What the task requires —
Reproduce the entries that follow exactly, dropping each image.
====================
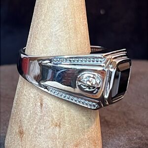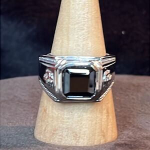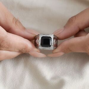Asscher Cut Thai Black Spinel 7.50 ctw Men's Ring in Stainless Steel size 14
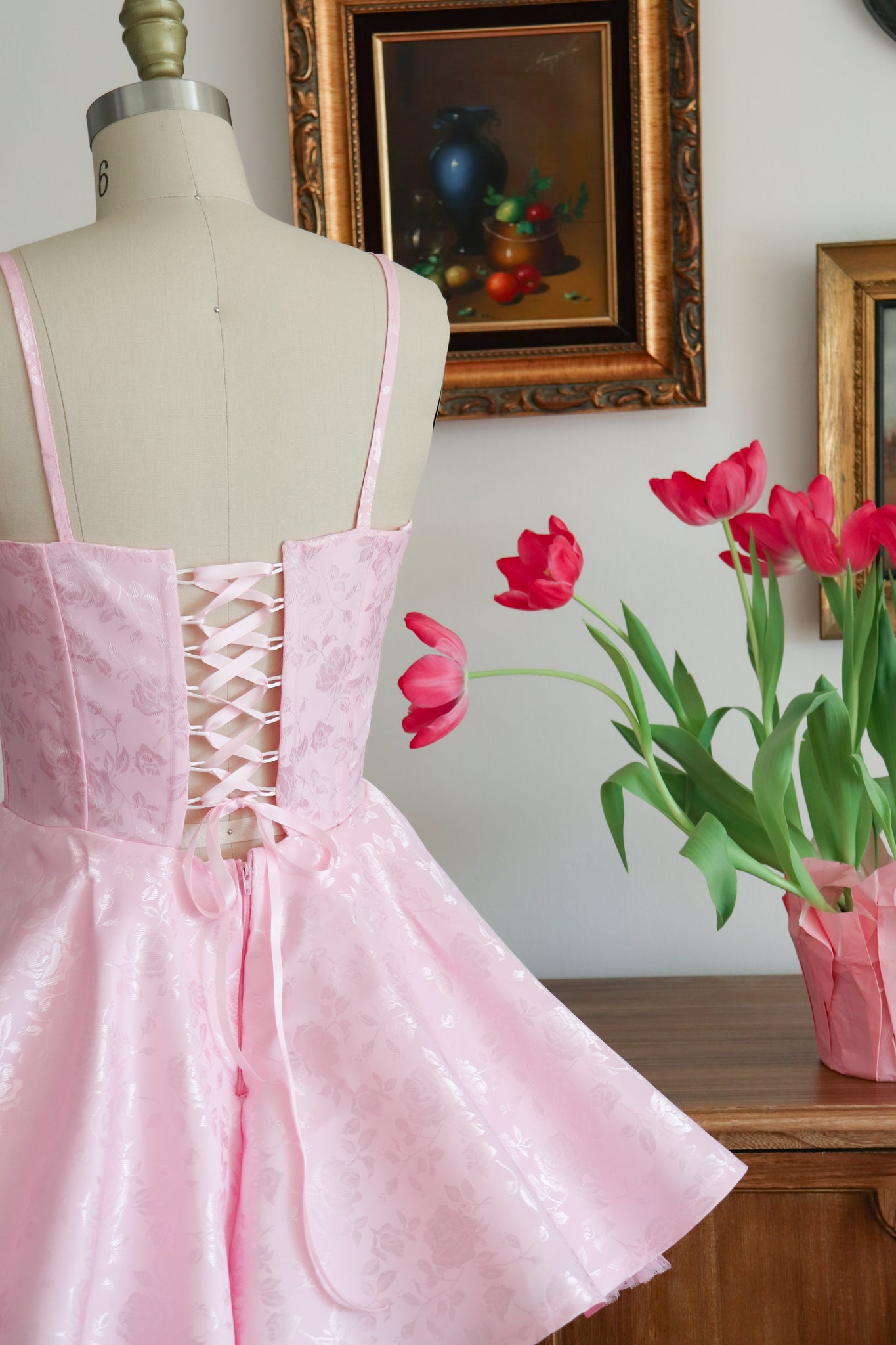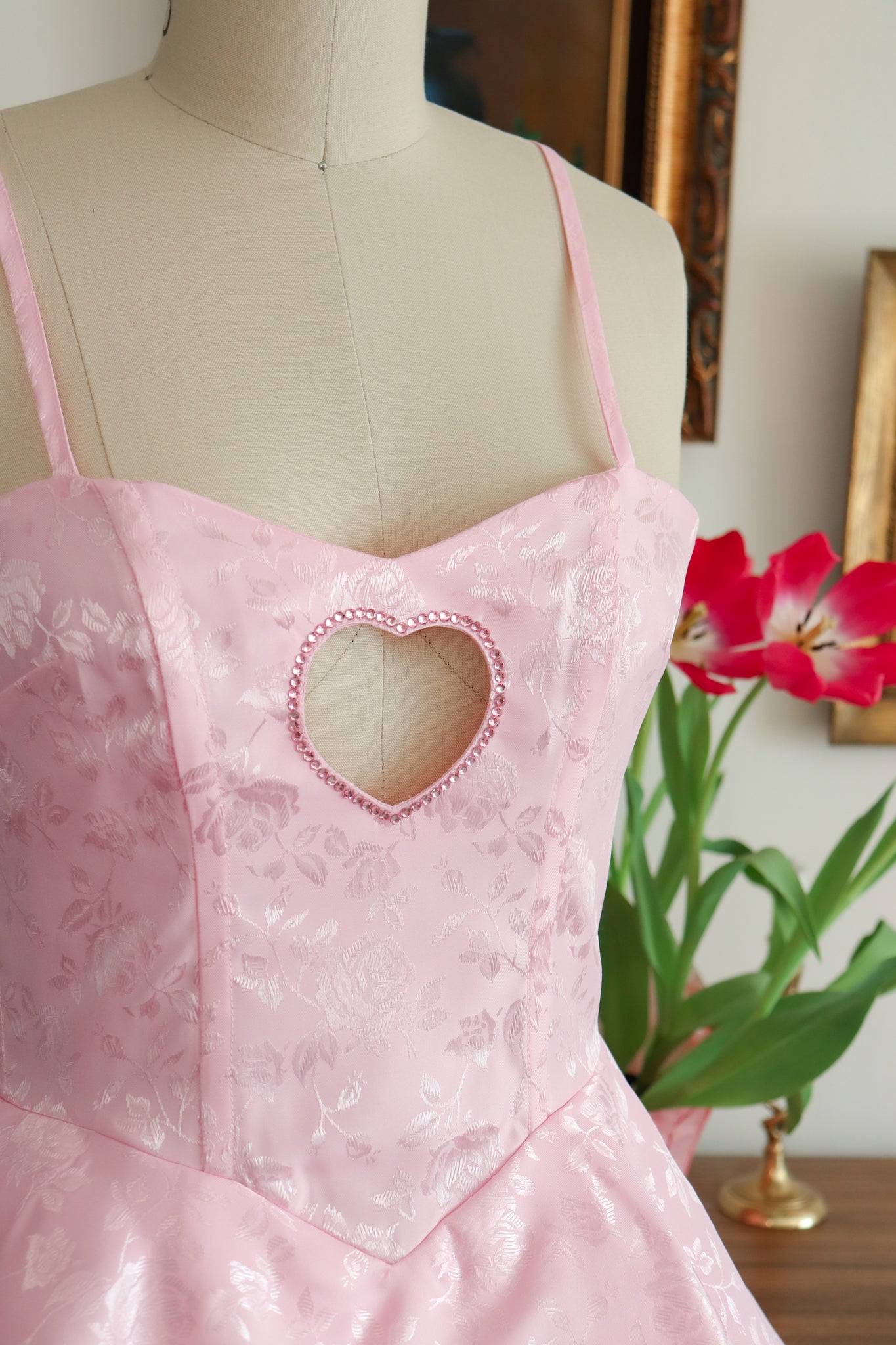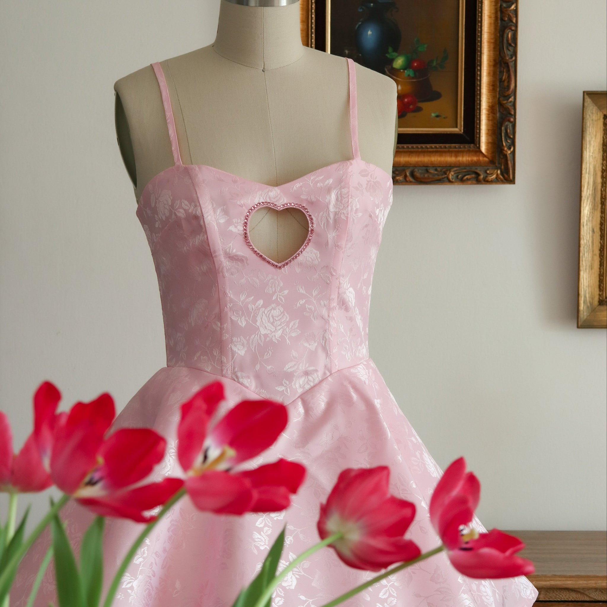 This pastel pink floral jacquard dress is the ultimate romantic statement piece, inspired by pop-princess Sabrina Carpenter. Designed with a sweetheart neckline and a structured corset bodice featuring internal boning, this dress offers beautiful shaping and support.
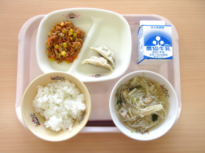 4月15日の給食は「ごはん、牛乳、焼きぎょうざ、むげんにんじん、ビーフンスープ」...
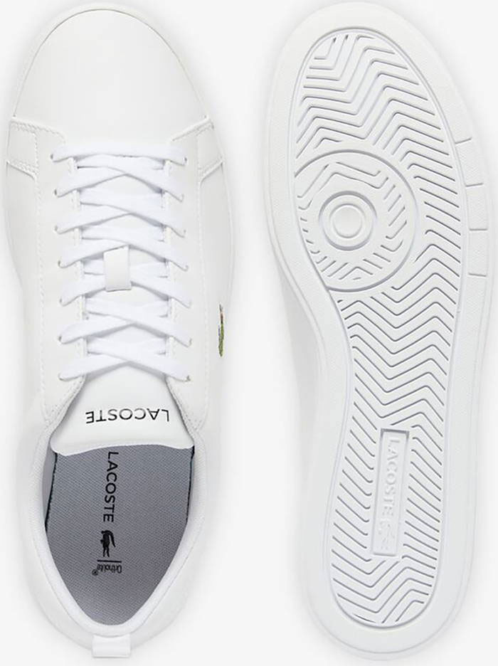 ラコステから提案するホワイト系コートスニーカー。際立つサイドのワニロゴがおしゃれです。
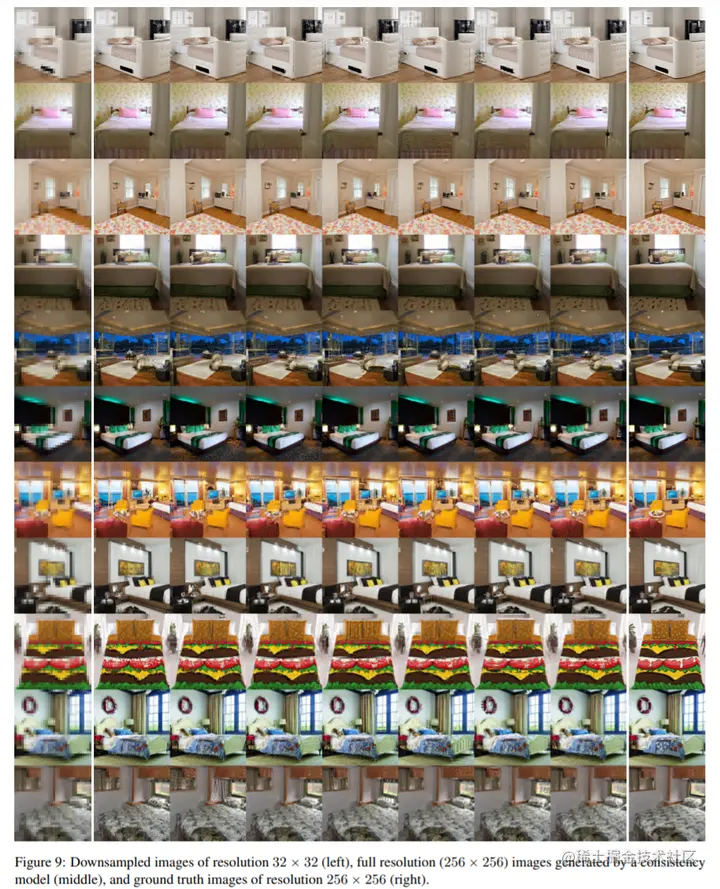 Consistency Model 生成高分辨率图像:左侧为分辨率 32 x 32 的下采样图像、中间为 Consistency Model 生成的 256 x 256 图像,右边为分辨率为 256x 256 的真值图像。相比于初始图像,Consistency Model 生成的图像更清晰。
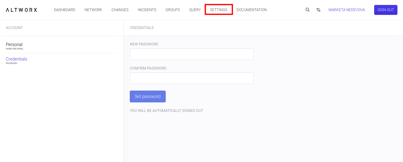 Druhou sekcí je CREDENTIALS. Ta umožňuje změnit heslo, pokud se rozmyslíte, že z bezpečnostních nebo jiných důvodů chcete heslo jiné.
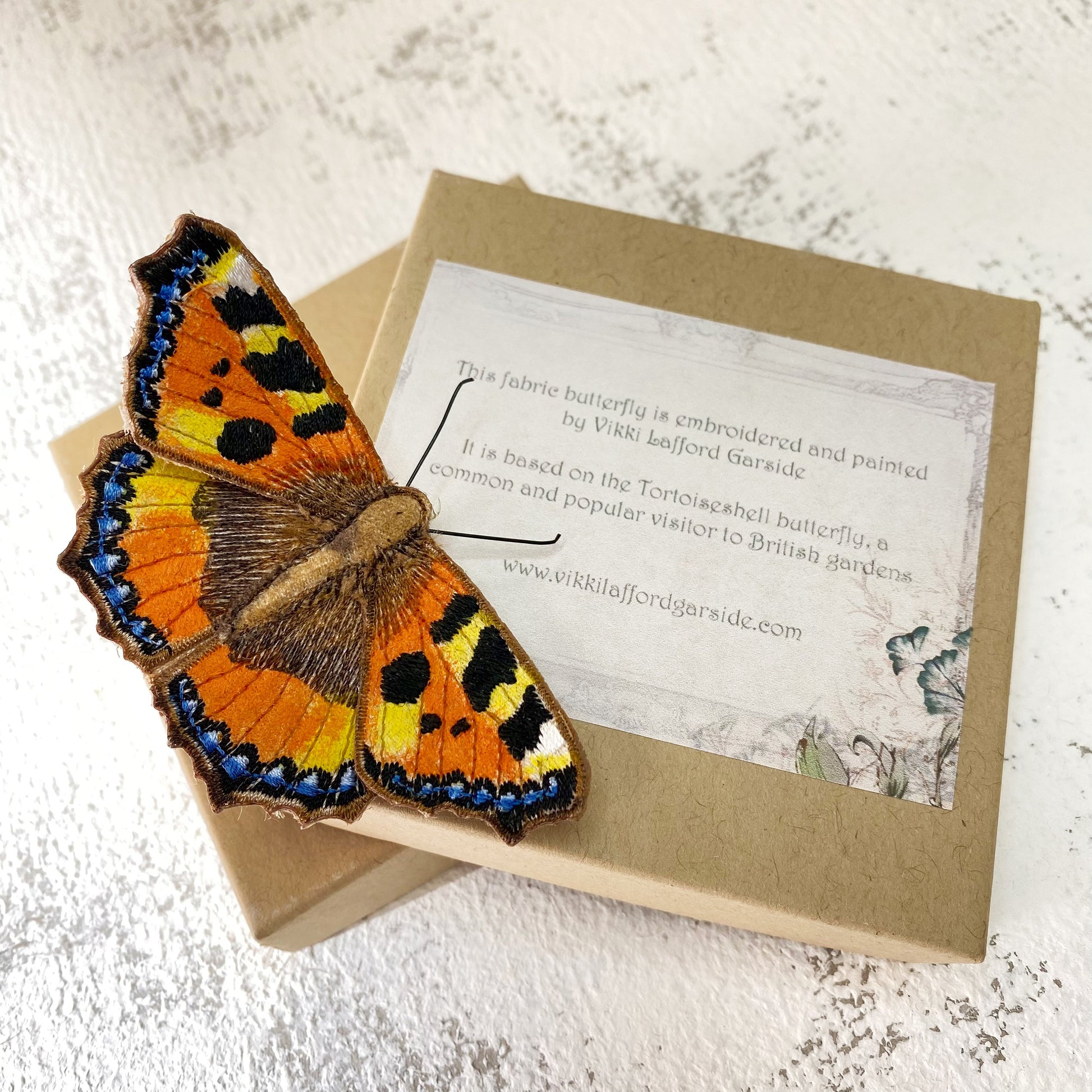 Tortoiseshell butterfly brooch, hand made fabric butterfly brooch pin, Textile butterfly
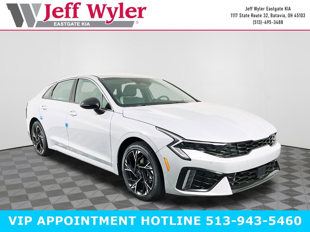 Wolf Gray 2026 Kia K5 GT-Line I4 AWD 8-Speed Automatic 24/33 City/Highway MPG Jeff Wyler Eastgate Auto Mall is pleased to offer this wonderful 2026 Kia K5 GT-Line in Wolf Gray. Well equipped with: 4-Wheel Disc Brakes, 6 Speakers, ABS brakes, Air Conditioning, Alloy wheels, AM/FM radio: SiriusXM, Apple CarPlay & Android Auto, Auto High-beam Headlights, Automatic temperature control, Brake assist, Bumpers: body-color, Cargo Mat, Cargo Net, Carpeted Floor Mats, Delay-off headlights, Driver door bin, Driver vanity mirror, Dual front impact airbags, Dual front side impact airbags, Electronic Stability Control, Emergency communication system: Kia Connect (includes 1 year free trial), Four wheel independent suspension, Front anti-roll bar, Front Bucket Seats, Front Center Armrest, Front dual zone A/C, Front fog lights, Front reading lights, Fully automatic headlights, Heated door mirrors, Heated Front Bucket Seats, Heated front seats, Heated steering wheel, Illuminated entry, Knee airbag, Leather Shift Knob, Leather steering wheel, Low tire pressure warning, Navigation System, Occupant sensing airbag, Outside temperature display, Overhead airbag, Overhead console, Panic alarm, Passenger door bin, Passenger vanity mirror, Power door mirrors, Power driver seat, Power steering, Power windows, Radio data system, Radio: AM/FM Audio System, Rear anti-roll bar, Rear seat center armrest, Rear side impact airbag, Rear window defroster, Remote keyless entry, Security system, Speed control, Speed-sensing steering, Split folding rear seat, Sport steering wheel, Steering wheel mounted audio controls, Tachometer, Telescoping steering wheel, Tilt steering wheel, Traction control, Trip computer, Turn signal indicator mirrors, Variably intermittent wipers, and Wheels: 18" x 7.5J Gloss Black Machined Finish Alloy. 24/33 City/Highway MPG
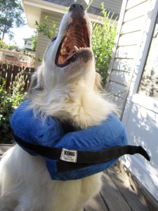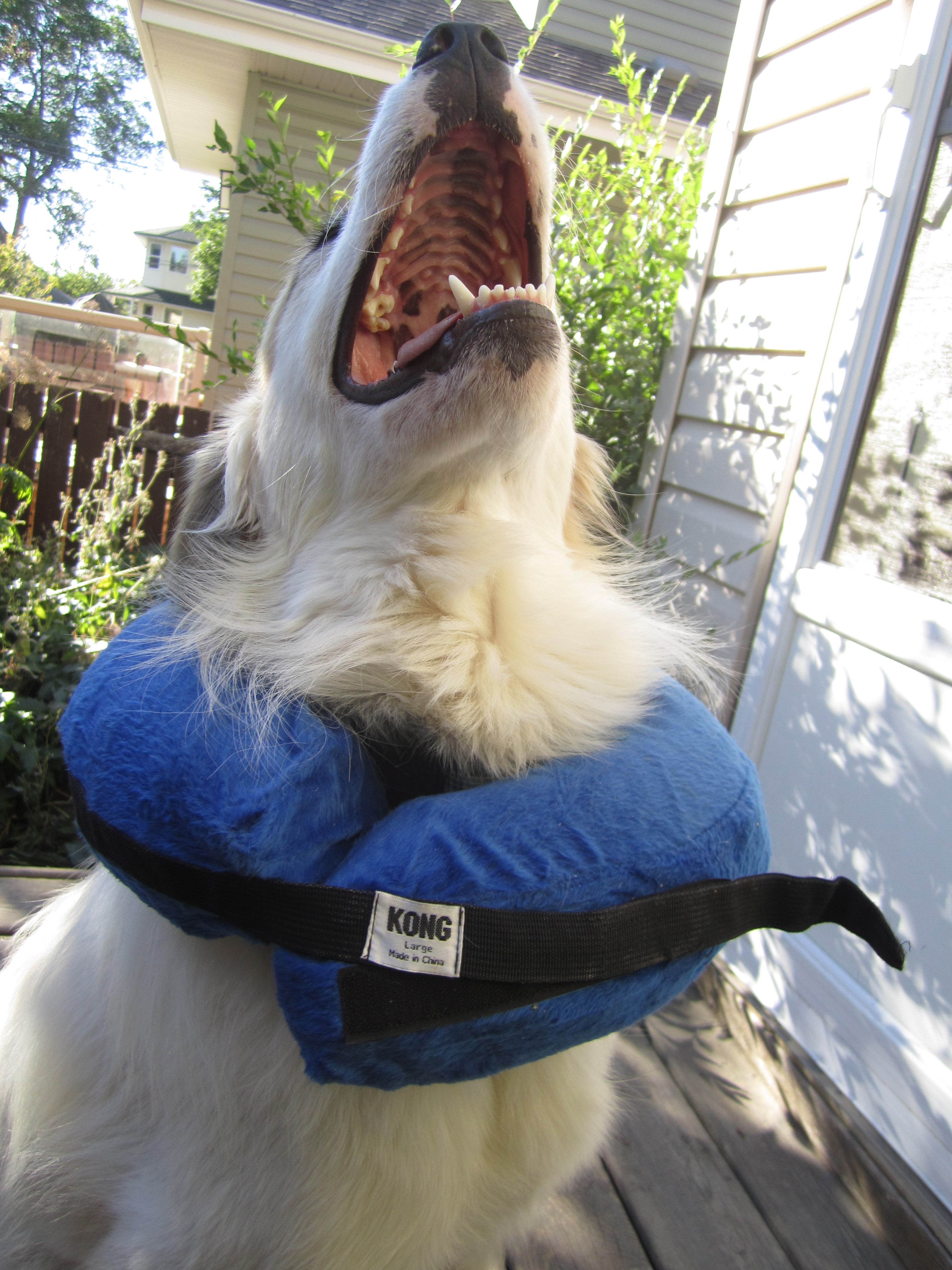 You know, if the Kong company would like to donate some of these awesome collars, I bet they would come in handy for rescue dogs all over the place. These poor babies don’t need any more stress, and something as simple as an alternative to the cone of shame could really make recovery easier on them. Kong people, drop me an email and I’ll get you in touch with the right people if you’d like to donate to SCARS, the organization we foster with.
====================
Written response —
Asscher Cut Thai Black Spinel 7.50 ctw Men's Ring in Stainless Steel size 14
 This pastel pink floral jacquard dress is the ultimate romantic statement piece, inspired by pop-princess Sabrina Carpenter. Designed with a sweetheart neckline and a structured corset bodice featuring internal boning, this dress offers beautiful shaping and support.
 4月15日の給食は「ごはん、牛乳、焼きぎょうざ、むげんにんじん、ビーフンスープ」...
 ラコステから提案するホワイト系コートスニーカー。際立つサイドのワニロゴがおしゃれです。
 Consistency Model 生成高分辨率图像:左侧为分辨率 32 x 32 的下采样图像、中间为 Consistency Model 生成的 256 x 256 图像,右边为分辨率为 256x 256 的真值图像。相比于初始图像,Consistency Model 生成的图像更清晰。
 Druhou sekcí je CREDENTIALS. Ta umožňuje změnit heslo, pokud se rozmyslíte, že z bezpečnostních nebo jiných důvodů chcete heslo jiné.
 Tortoiseshell butterfly brooch, hand made fabric butterfly brooch pin, Textile butterfly
 Wolf Gray 2026 Kia K5 GT-Line I4 AWD 8-Speed Automatic 24/33 City/Highway MPG Jeff Wyler Eastgate Auto Mall is pleased to offer this wonderful 2026 Kia K5 GT-Line in Wolf Gray. Well equipped with: 4-Wheel Disc Brakes, 6 Speakers, ABS brakes, Air Conditioning, Alloy wheels, AM/FM radio: SiriusXM, Apple CarPlay & Android Auto, Auto High-beam Headlights, Automatic temperature control, Brake assist, Bumpers: body-color, Cargo Mat, Cargo Net, Carpeted Floor Mats, Delay-off headlights, Driver door bin, Driver vanity mirror, Dual front impact airbags, Dual front side impact airbags, Electronic Stability Control, Emergency communication system: Kia Connect (includes 1 year free trial), Four wheel independent suspension, Front anti-roll bar, Front Bucket Seats, Front Center Armrest, Front dual zone A/C, Front fog lights, Front reading lights, Fully automatic headlights, Heated door mirrors, Heated Front Bucket Seats, Heated front seats, Heated steering wheel, Illuminated entry, Knee airbag, Leather Shift Knob, Leather steering wheel, Low tire pressure warning, Navigation System, Occupant sensing airbag, Outside temperature display, Overhead airbag, Overhead console, Panic alarm, Passenger door bin, Passenger vanity mirror, Power door mirrors, Power driver seat, Power steering, Power windows, Radio data system, Radio: AM/FM Audio System, Rear anti-roll bar, Rear seat center armrest, Rear side impact airbag, Rear window defroster, Remote keyless entry, Security system, Speed control, Speed-sensing steering, Split folding rear seat, Sport steering wheel, Steering wheel mounted audio controls, Tachometer, Telescoping steering wheel, Tilt steering wheel, Traction control, Trip computer, Turn signal indicator mirrors, Variably intermittent wipers, and Wheels: 18" x 7.5J Gloss Black Machined Finish Alloy. 24/33 City/Highway MPG
 You know, if the Kong company would like to donate some of these awesome collars, I bet they would come in handy for rescue dogs all over the place. These poor babies don’t need any more stress, and something as simple as an alternative to the cone of shame could really make recovery easier on them. Kong people, drop me an email and I’ll get you in touch with the right people if you’d like to donate to SCARS, the organization we foster with.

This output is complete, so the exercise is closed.